This article is part of our ongoing series looking at why adding quantitative OGI (QOGI) to a leak detection and repair (LDAR) regimine is critical to improving efficiency and safety, strengthening compliance, and optimizing methane monitoring programs.

Safety has always been at the core of leak detection and repair (LDAR) programs. Whether in upstream oil and gas operations, refining environments, or chemical manufacturing, identifying and addressing gas leaks is critical not only for environmental compliance but also for protecting personnel and ensuring safe operations.

However, many of the most challenging safety risks in LDAR do not come from the leaks themselves — but from the process of detecting them. Inspecting equipment often requires technicians to work at height, enter confined spaces, or approach pressurized systems operating under hazardous conditions.

As facilities become more complex and regulatory requirements increase, operators are looking for ways to reduce these risks without compromising inspection coverage.

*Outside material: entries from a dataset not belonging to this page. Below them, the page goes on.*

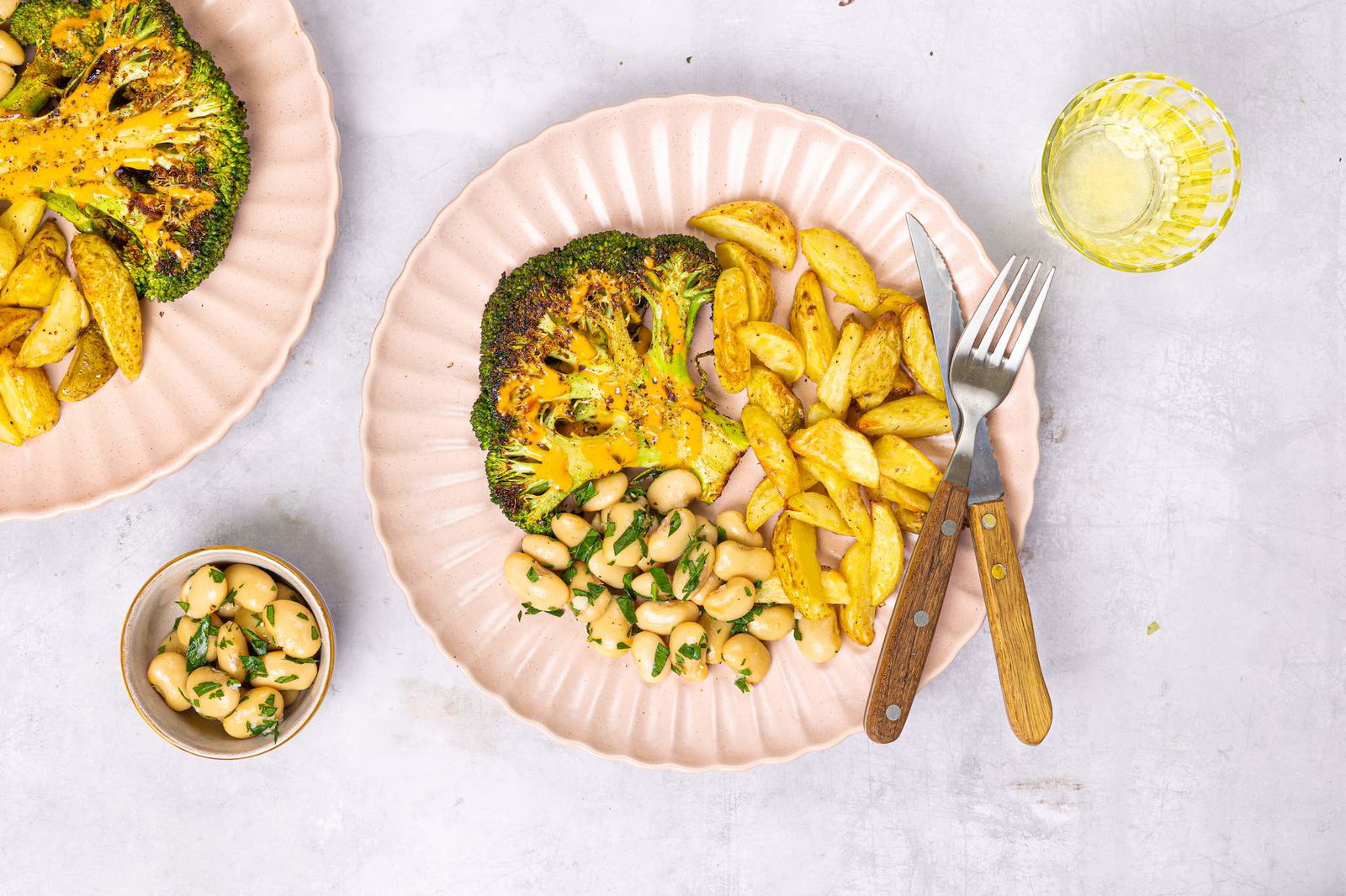 Broccolisteak met aardappelpartjes en limabonen
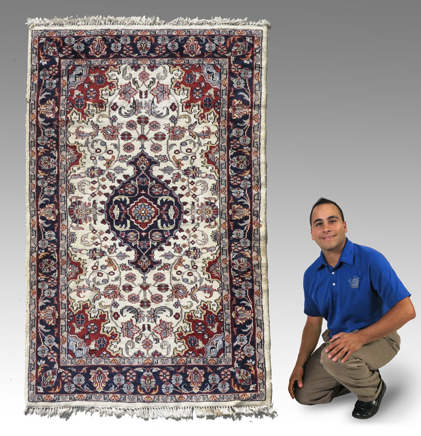 PAKISTANI PERSIAN HAND KNOTTED WOOL RUG, 49'' x 74'': This rug has a white field with a dark blue border and central medallion, red rust and medium blue corners, the same colors are repeated throughout the rug.
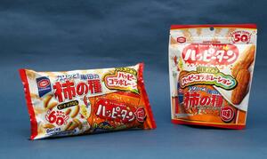米菓国内最大手の亀田製菓(新潟市江南区)は20日、同社売り上げ1位と2位のブランド「亀田の柿の種」と「ハッピーターン」の味わいを入れ替えた商品を期間限定で発売した。柿の種が発売60周年、ハッピーターンが50周年を迎えた記念として企画。大人気商品同士のコラボレーションでより幅広い層へのアピールを図る。
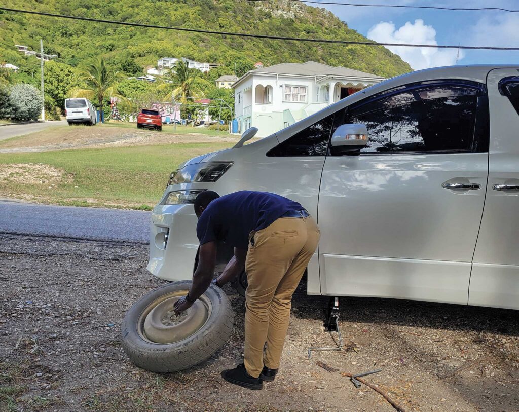 I found a sober cabbie for my ride back, but fate was feeling mischievous that day. In the rainforest, we suffered a flat tire. Thankfully, the spare was installed in no time flat, and I made it to Jolly Harbour just in time.
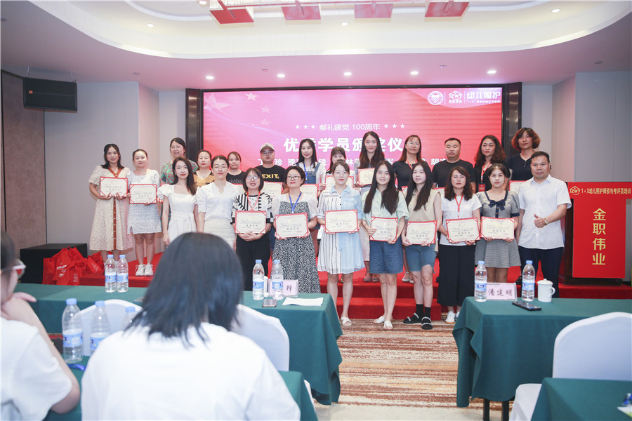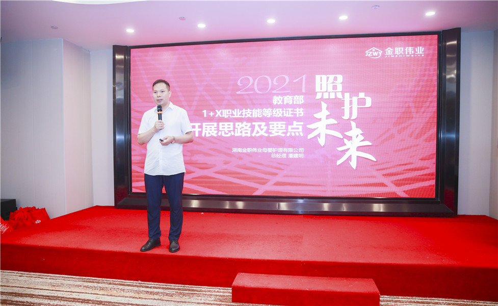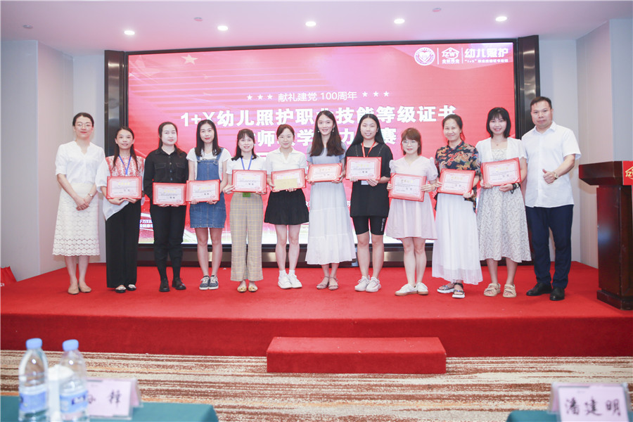 比賽結(jié)束后,1+X幼兒照護職業(yè)技能等級證書2021年度第十二期師資及考評員培訓(xùn)結(jié)業(yè)典禮正式拉開帷幕。長沙民政職業(yè)技術(shù)學(xué)院繼續(xù)教育學(xué)院院長孫鋒、金職偉業(yè)總經(jīng)理潘建明出席并發(fā)言。“希望大家回到各自的工作崗位后,能互通有無,相互交流分享課證融合工作中好的經(jīng)驗和做法,取長補短,真正把幼兒照護的各項核心技能點融入到相關(guān)專業(yè)課的教學(xué)中,不斷培養(yǎng)適合職業(yè)崗位需求的學(xué)生。”長沙民政職業(yè)技術(shù)學(xué)院繼續(xù)教育學(xué)院院長孫鋒說道。典禮上,金職偉業(yè)總經(jīng)理潘建明對未來做好1+X證書制度試點工作,提出“積極參加社會實踐”“申報考核站點”“做好課證融通”等12點戰(zhàn)略方向,潘建明希望各院校能不斷深化復(fù)合型技術(shù)技能人才培養(yǎng)模式,全力提升教育質(zhì)量,為幼教事業(yè)獻(xiàn)出自己的力量。
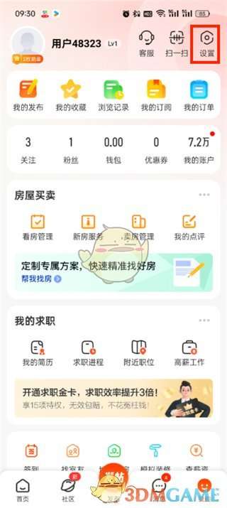 2、然后在我的页面中用户们需要点击右上角的【设置】按钮;

This is where Quantitative Optical Gas Imaging (QOGI) provides a meaningful advantage.

By enabling remote detection and quantification of gas leaks, QOGI fundamentally changes how inspections are performed—improving both safety outcomes and operational efficiency, especially in difficult-to-access areas.

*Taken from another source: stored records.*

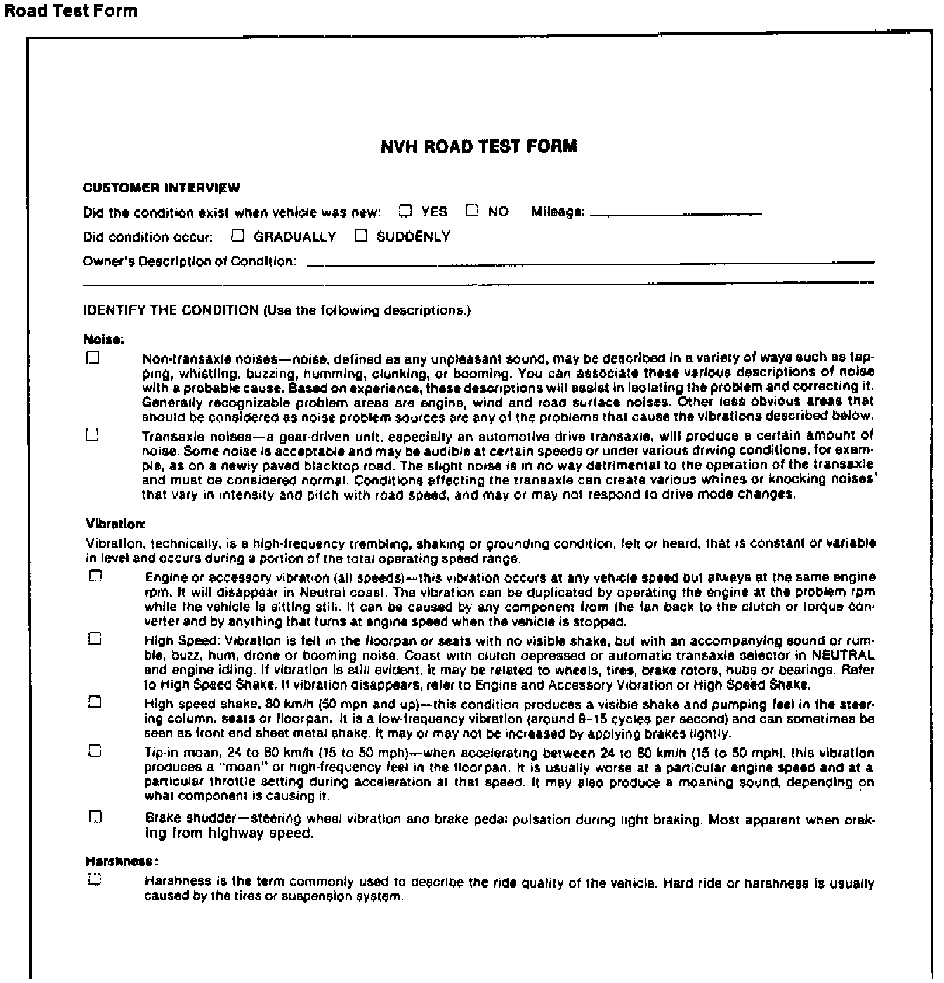 1. Make notes throughout the diagnosis routine. It will help cover all the bases when starting to add up the clues. Use a photocopy of the NVH Road Test Form included. Make sure to write down even the smallest bit of information; it may turn out to be very important.
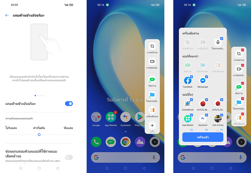 ในส่วนของฟีเจอร์พื้นฐานอย่าง โหมดโคลนแอป, โหมดหน้าจอแบ่งส่วน, เครื่องมืออำนวยความสะดวกต่าง ๆ ทั้ง ปุ่มนำทาง ลูกบอลช่วยเหลือ แถบด้านข้างอัจฉริยะ และ Gestures & Motions ก็ใส่มาให้ครบครัน
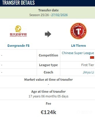 北京时间2月27日,德转更新,辽宁铁人约100万人民币签下恒大足校17岁后卫张洪福。
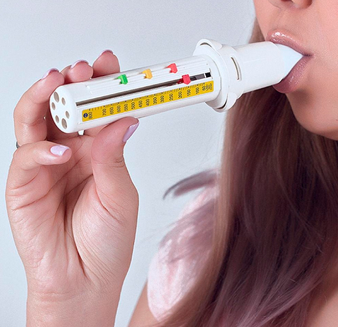 Во время выдоха прибор должен находиться в горизонтальном положении, а мундштук располагаться между зубами в плотно закрытом рту. О правильном выполнении упражнения свидетельствует вибрация в груди, а её отсутствие означает, что мундштук удерживается недостаточно крепко.

The Safety Challenge in Traditional LDAR Inspections

Traditional leak detection methods often rely on contact-based measurement techniques. In these workflows, inspectors use handheld instruments to measure gas concentrations directly at potential leak points.

While effective in many scenarios, this approach introduces several inherent safety risks:

• Working at height – Inspecting elevated pipe racks, flare stacks, and storage tanks
• Confined space entry – Accessing enclosed areas with limited ventilation
• Exposure to hazardous environments – Proximity to flammable or toxic gases
• Manual access to live equipment – Inspecting components under pressure or in active service

These risks are amplified when facilities contain thousands of components spread across large or complex layouts. Even with strong safety protocols, physically accessing each inspection point increases the likelihood of incidents.

In addition, traditional methods can limit visibility. Inspectors are often focused on individual components, making it difficult to observe larger system behavior or detect leaks that originate outside immediate reach.

How QOGI Improves Safety at the Source

Quantitative Optical Gas Imaging builds on the principles of optical gas imaging by allowing operators to detect and quantify emissions from a distance. Like standard OGI, QOGI uses specialized infrared cameras to visualize gases such as methane and volatile organic compounds (VOCs), which absorb infrared radiation at specific wavelengths. When a gas plume is present, it creates a visible contrast against the background, appearing as a moving cloud in the camera view. 

The key safety advantage is that this inspection is non-contact.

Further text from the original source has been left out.